I would ask a prospective member 13 questions, and they would answer them in detail. This could be a once a month series. 

We would Nominate/pick a member per month to interview them.

*

**Rules**
There is no minimum post requirement,
primates, woodticks, and leprechauns are welcome to post an answer.
And of course, Doc and the wood spinner, and the new guy too....

Reactions: Like 1


----------



## Tony

Very much so. I think we've got very interesting members and am curious to know more about them.

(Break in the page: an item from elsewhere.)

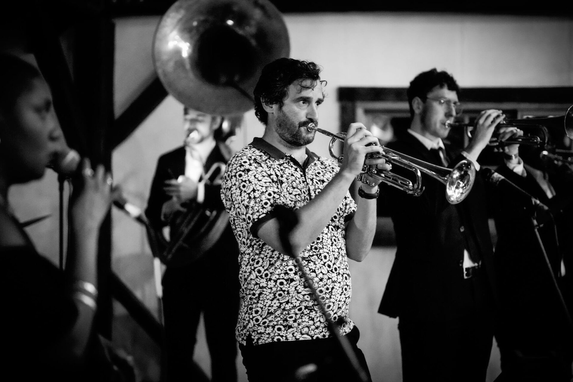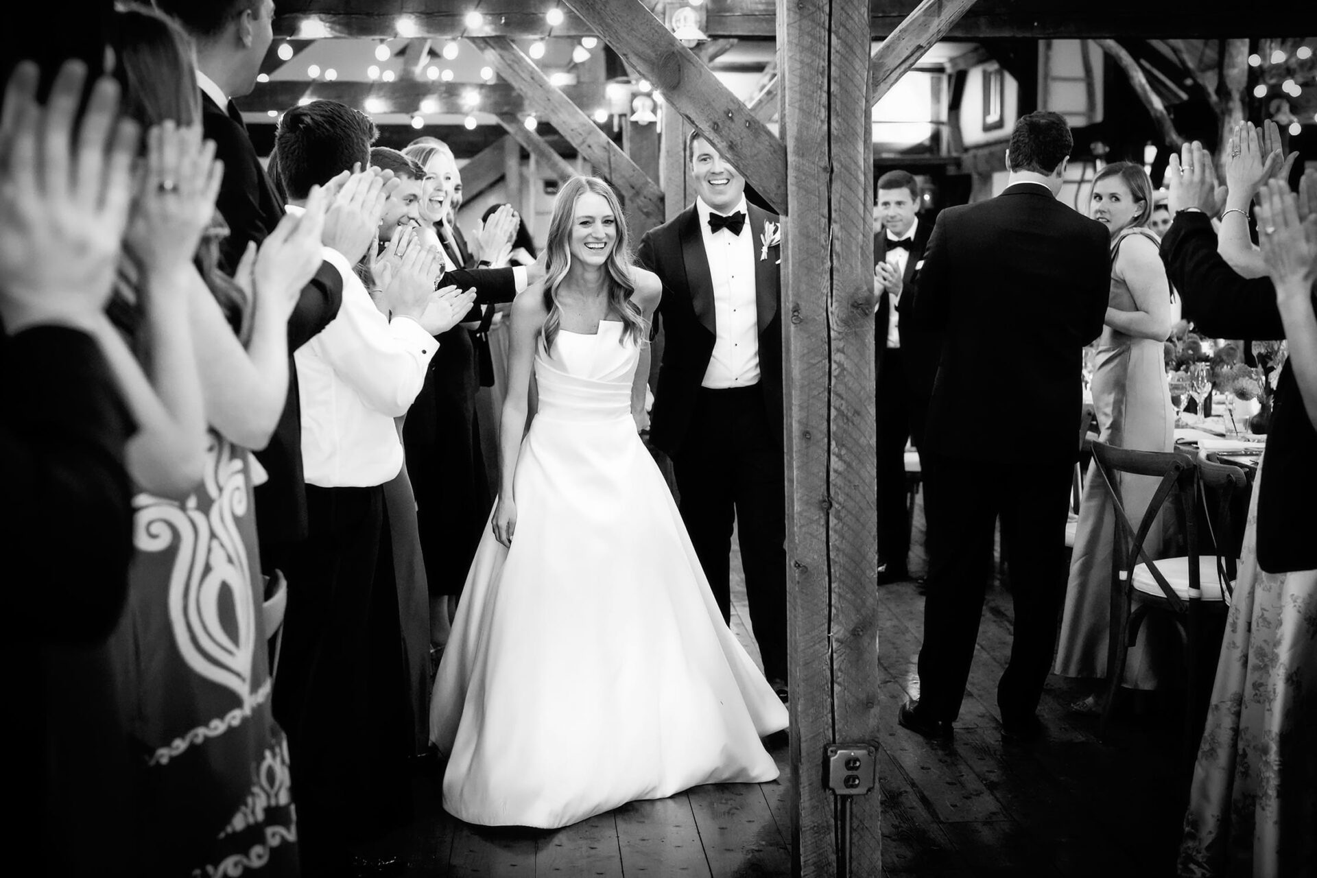 After the ceremony was one of my very favorite things about this wedding: Lisa and Karr had a second line parade to cocktail hour, led by their amazing band. It was so cool! I absolutely love when couples think outside the box to make a really unique and fun experience for their guests. They also extended cocktail hour which was wonderful. I had tons of time to get plenty of guest candids, a few more couples portraits, the details in the barn … I highly recommend doing this if you have a venue where it makes sense!

Tony

Reactions: Like 1 | Agree 3


----------



## woodtickgreg

I think that's a great idea, lots of talent here and interesting people.

Reactions: Like 1 | Agree 1


----------



## David Hill

Think that’s a good idea.
Will the questions be the same? Or tailored to the person? 
Guess that’s a nuts’n bolts kind of thing.

Reactions: Like 1


----------



## Nubsnstubs

Can there be comedy in the answers. If so, I'll volunteer to be the first guinea pig......... Jerry (in Tucson)

Reactions: Like 1 | Agree 1


----------



## Lou Currier

Good idea...would you still run the question of the week?

Reactions: Like 1 | Agree 1


----------



## ripjack13

David Hill said:


> Think that’s a good idea.
> Will the questions be the same? Or tailored to the person?
> Guess that’s a nuts’n bolts kind of thing.



A little of both....

Reactions: Like 1


----------



## ripjack13

Nubsnstubs said:


> Can there be comedy in the answers. If so, I'll volunteer to be the first guinea pig......... Jerry (in Tucson)



Yes. As long as it answers the question(s)....
And you're penciled in as the first.
Thanks!

Reactions: +Karma 1


----------



## ripjack13

Lou Currier said:


> Good idea...would you still run the question of the week?



Yes.

Reactions: Like 2 | Way Cool 1


----------



## DKMD

Sounds interesting!

Reactions: Like 1


----------



## Wildthings

pretty cool

Reactions: Like 1


----------



## Mike1950

can we still pick on Tony???

Reactions: Like 1 | Funny 2


----------



## ripjack13

Mike1950 said:


> can we still pick on Tony???



I would expect nothing less....

Reactions: Funny 2


----------



## Tony

ripjack13 said:


> I would expect nothing less....



Nor would I.

Reactions: Like 2 | Thank You! 1


----------



## Mike1950

ripjack13 said:


> I would expect nothing less....





Tony said:


> Nor would I.



Nor would I. it is part of what makes WB -Wb

Reactions: Like 1 | Agree 1


----------



## Tony

Mike1950 said:


> Nor would I. it is part of what makes WB -Wb



Big part of what makes it fun.

Reactions: Agree 1


----------



## trc65

Great idea!

Reactions: Like 1


----------



## ripjack13

So, going through my questions list, It's tough to come up with just 5....
So I'm adding a few. It'll be 13 questions. This way it'll be a good interview worth reading. Not that 5 isnt, but that seemed kinda weak.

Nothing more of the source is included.